Problem to work on — An exact copy of every entry is the answer here, with no pictures.

Exercise material —
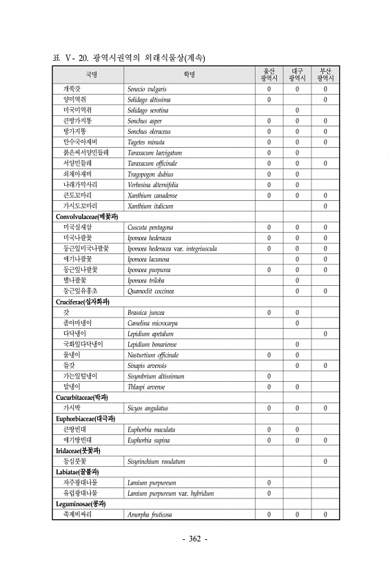 표 Ⅴ- 20. 광역시권역의 외래식물상 계속 국명 학명 울산 광역시 대구 광역시 부산 광역시 개쑥갓 Senecio vulgaris 0 0 0 양미역취 Solidago altissima 0 0 미국미역취 Solidago serotina 0 큰방가지똥 Sonchus asper 0 0 0 방가지똥 Sonchus oleraceus 0 0 0 만수국아재비 Tagetes minuta 0 0 0 붉은씨서양민들레 Taraxacum laevigatum 0 0 서양민들레 Taraxacum officinale 0 0 0 쇠채아재비 Tragopogon dubius 0 0 나래가막사리 Verbesina alternifolia 0 0 큰도꼬마리 Xanthium canadense 0 0 0 가시도꼬마리 Xanthium italicum...
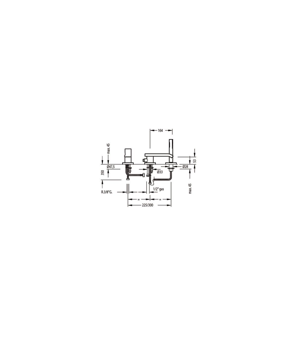 Monomando bañera de repisa MAX con caño cascada y ducha móvil anticalcárea (034.116.01). · Caudal: 3 bar 17 l/m. · Compatible con el kit depósito ref: 1.62.245. Descarga la ficha técnica aquí
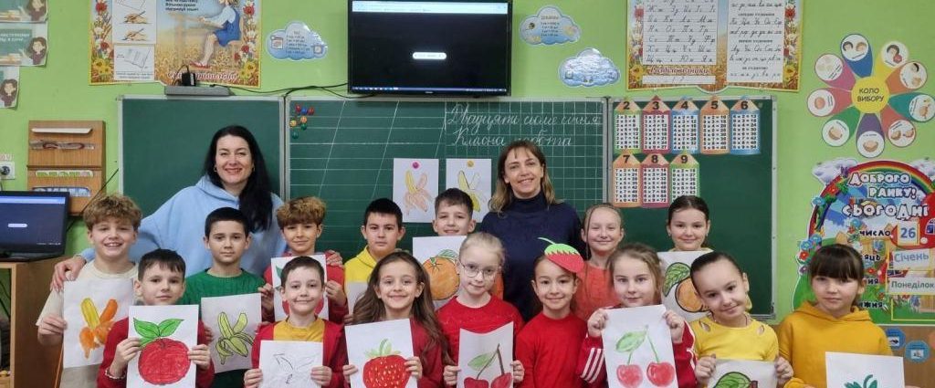 Під час уроку третьокласники із задоволенням малювали яскраві фрукти, передаючи їхню форму та колір, а паралельно знайомилися з англійськими назвами фруктів. Творча діяльність допомогла дітям краще запам’ятати нову лексику та зробила навчання легким і захопливим.
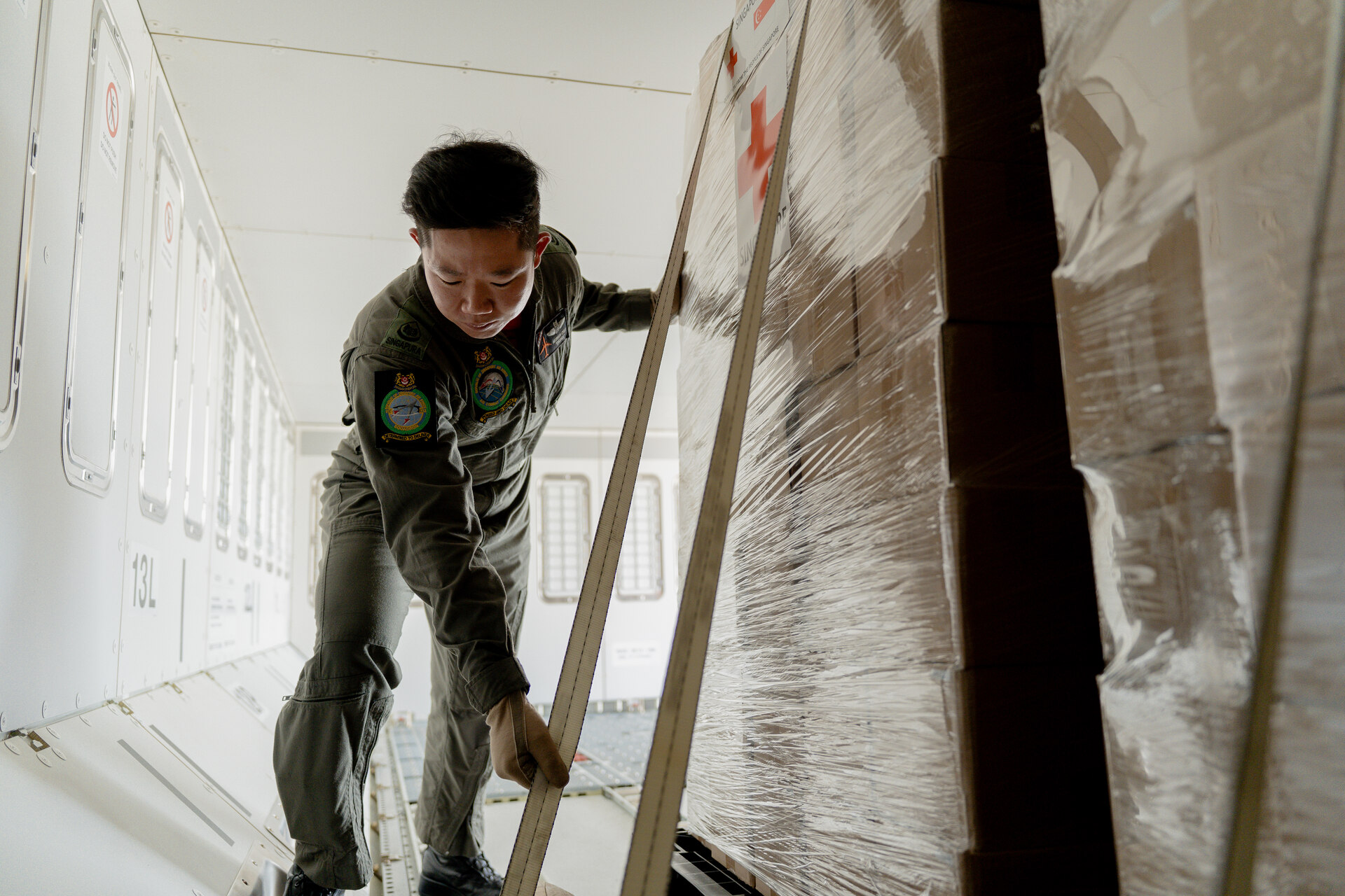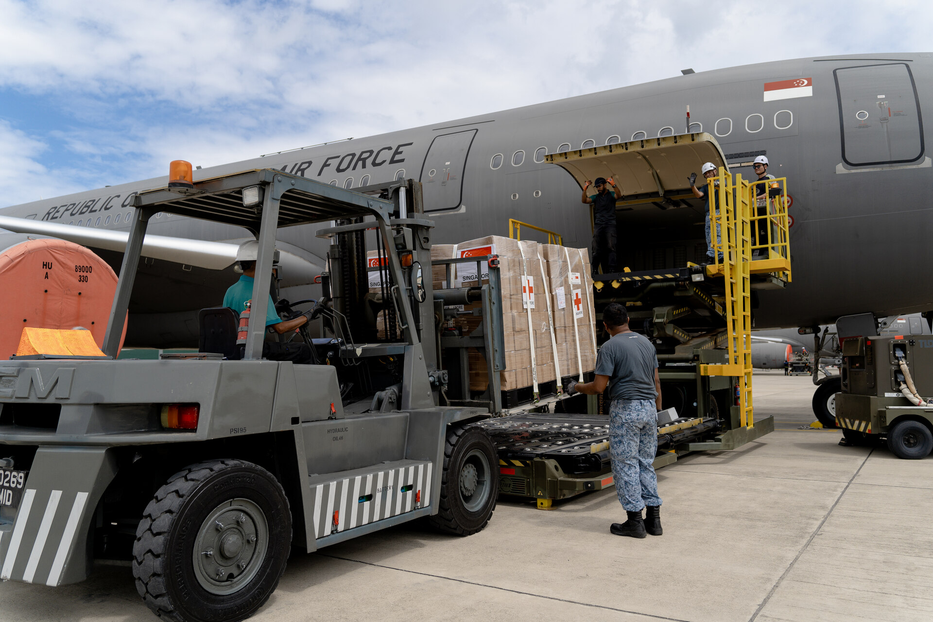 In the early hours of 30 Nov, a Republic of Singapore Air Force (RSAF) Multi-Role Tanker Transport (MRTT) aircraft took off from Changi Air Base (East) to Egypt, carrying life-saving supplies for civilians in Gaza.
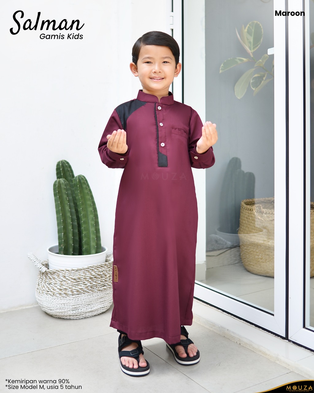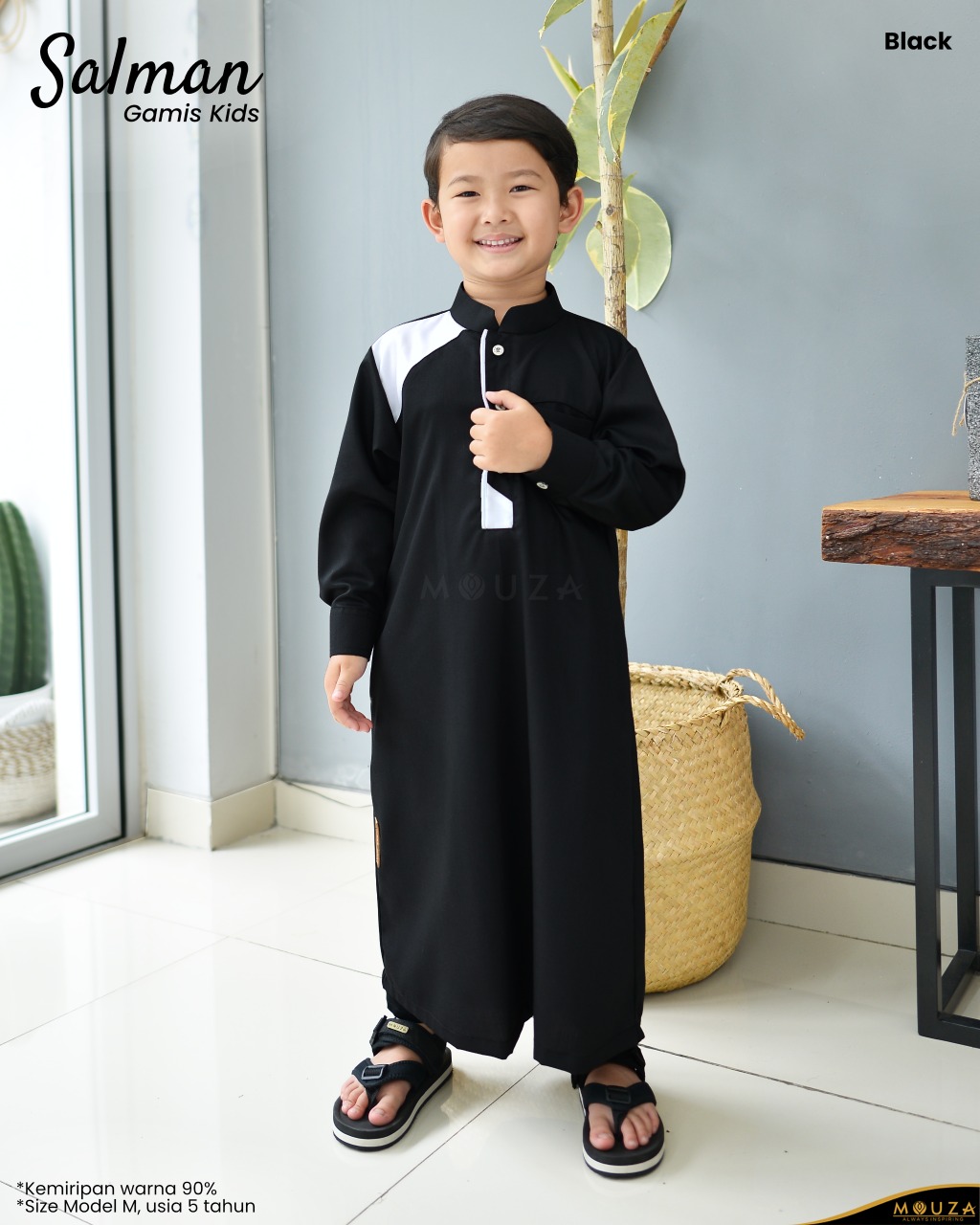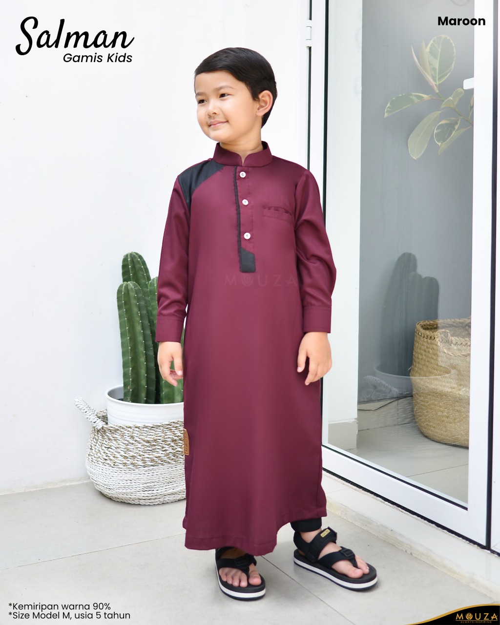 Variasi beda warna di bagian bahu sebelah kanan membuat gamis ini tampak lebih keren.
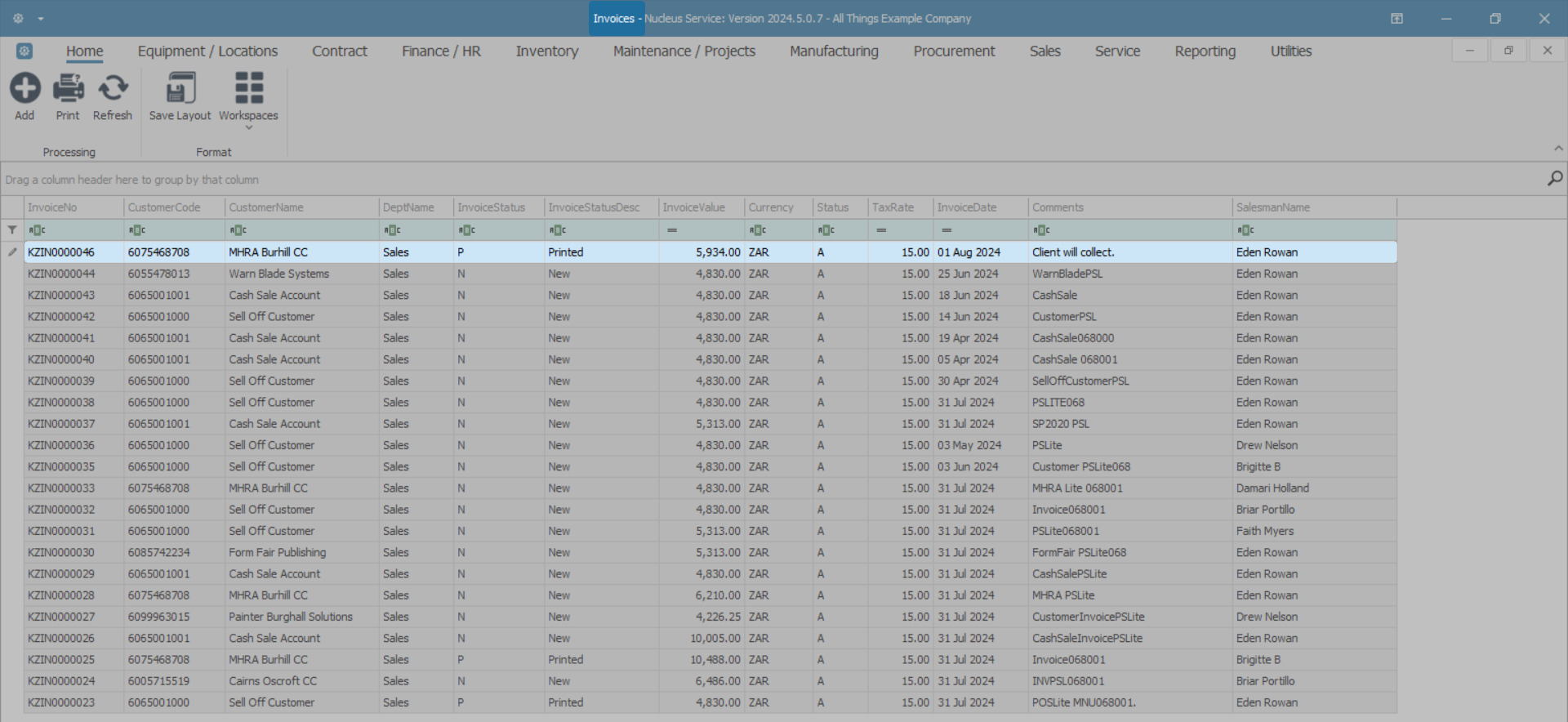 Once the invoice is printed, the transaction is posted to the company financial system, (e.g. Nucleus Service Accounts), and the status will change to Printed (P).

Response to this task —
 표 Ⅴ- 20. 광역시권역의 외래식물상 계속 국명 학명 울산 광역시 대구 광역시 부산 광역시 개쑥갓 Senecio vulgaris 0 0 0 양미역취 Solidago altissima 0 0 미국미역취 Solidago serotina 0 큰방가지똥 Sonchus asper 0 0 0 방가지똥 Sonchus oleraceus 0 0 0 만수국아재비 Tagetes minuta 0 0 0 붉은씨서양민들레 Taraxacum laevigatum 0 0 서양민들레 Taraxacum officinale 0 0 0 쇠채아재비 Tragopogon dubius 0 0 나래가막사리 Verbesina alternifolia 0 0 큰도꼬마리 Xanthium canadense 0 0 0 가시도꼬마리 Xanthium italicum...
 Monomando bañera de repisa MAX con caño cascada y ducha móvil anticalcárea (034.116.01). · Caudal: 3 bar 17 l/m. · Compatible con el kit depósito ref: 1.62.245. Descarga la ficha técnica aquí
 Під час уроку третьокласники із задоволенням малювали яскраві фрукти, передаючи їхню форму та колір, а паралельно знайомилися з англійськими назвами фруктів. Творча діяльність допомогла дітям краще запам’ятати нову лексику та зробила навчання легким і захопливим.
 In the early hours of 30 Nov, a Republic of Singapore Air Force (RSAF) Multi-Role Tanker Transport (MRTT) aircraft took off from Changi Air Base (East) to Egypt, carrying life-saving supplies for civilians in Gaza.
 Variasi beda warna di bagian bahu sebelah kanan membuat gamis ini tampak lebih keren.
 Once the invoice is printed, the transaction is posted to the company financial system, (e.g. Nucleus Service Accounts), and the status will change to Printed (P).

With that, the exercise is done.